# Changing from resident to non resident



## steffers53 (Oct 3, 2008)

Can anyone advise me on how to change from being a resident in Spain to being a non resident? We have lived here in Spain for about 10 years and are residents, with a Spainsh driving licence. Over the last three years we have probably spent more time away than here, and we are thinking of going away travelling in a motorhome for quite a while and will put our flat up for a long term rental. Are there any pros or cons to changing our residency status? Do we have to own property in the Uk to become UK residents once more or can we use our parents' address for example, as we would be staying with them when in the Uk and not travelling. If you cease being a Spanish resident, can we then swap our Spanish licence for a UK one again? How would we fair on healthcare if we are no longer Spanish residents? Is there a EU healthcare card you can get? 

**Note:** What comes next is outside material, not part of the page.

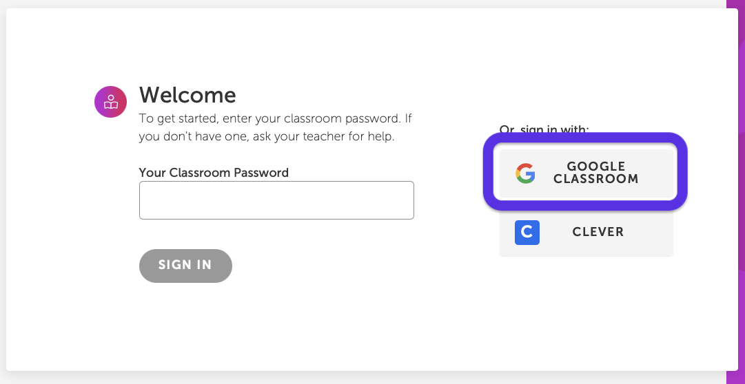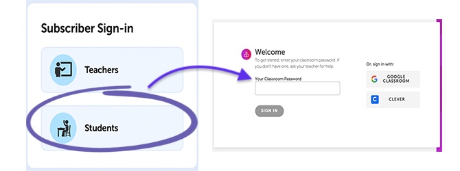 That’s it! Once they sign in, they’re taken to the website’s student view. And if your school is using a Learning Management System like Google Classroom or Clever, the process is even simpler. Once you sync your account with Scholastic, all your students need to do is click the Google Classroom or Clever buttons. They will not need a classroom password.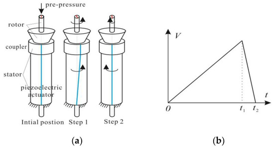 - Hunstig, M.; Hemsel, T.; Sextro, W. High-velocity operation of piezoelectric inertia motors: Experimental validation. Arch. Appl. Mech. 2016, 86, 1733–1741. [Google Scholar] [CrossRef]

Any help much appreciated,
steffers53


----------



## caromac (Nov 16, 2008)

steffers53 said:


> Can anyone advise me on how to change from being a resident in Spain to being a non resident? We have lived here in Spain for about 10 years and are residents, with a Spainsh driving licence. Over the last three years we have probably spent more time away than here, and we are thinking of going away travelling in a motorhome for quite a while and will put our flat up for a long term rental. Are there any pros or cons to changing our residency status? Do we have to own property in the Uk to become UK residents once more or can we use our parents' address for example, as we would be staying with them when in the Uk and not travelling. If you cease being a Spanish resident, can we then swap our Spanish licence for a UK one again? How would we fair on healthcare if we are no longer Spanish residents? Is there a EU healthcare card you can get?
> 
> Any help much appreciated,
> steffers53


Hi I noticed that you have not had a response to this and wondered if you have found out info from any other sources. We may be compelled to 'go back' but wish to keep our home in Spain as non residents. We may do similar to you and have found a lot of info out from government websites just wondered if you have come across any specific pitfalls that we should watch out for. Thanks


----------



## kaz101 (Nov 29, 2007)

I don't know whether you would be better off asking this in a general forum since most people in this forum are trying to move into Spain and not out of it


----------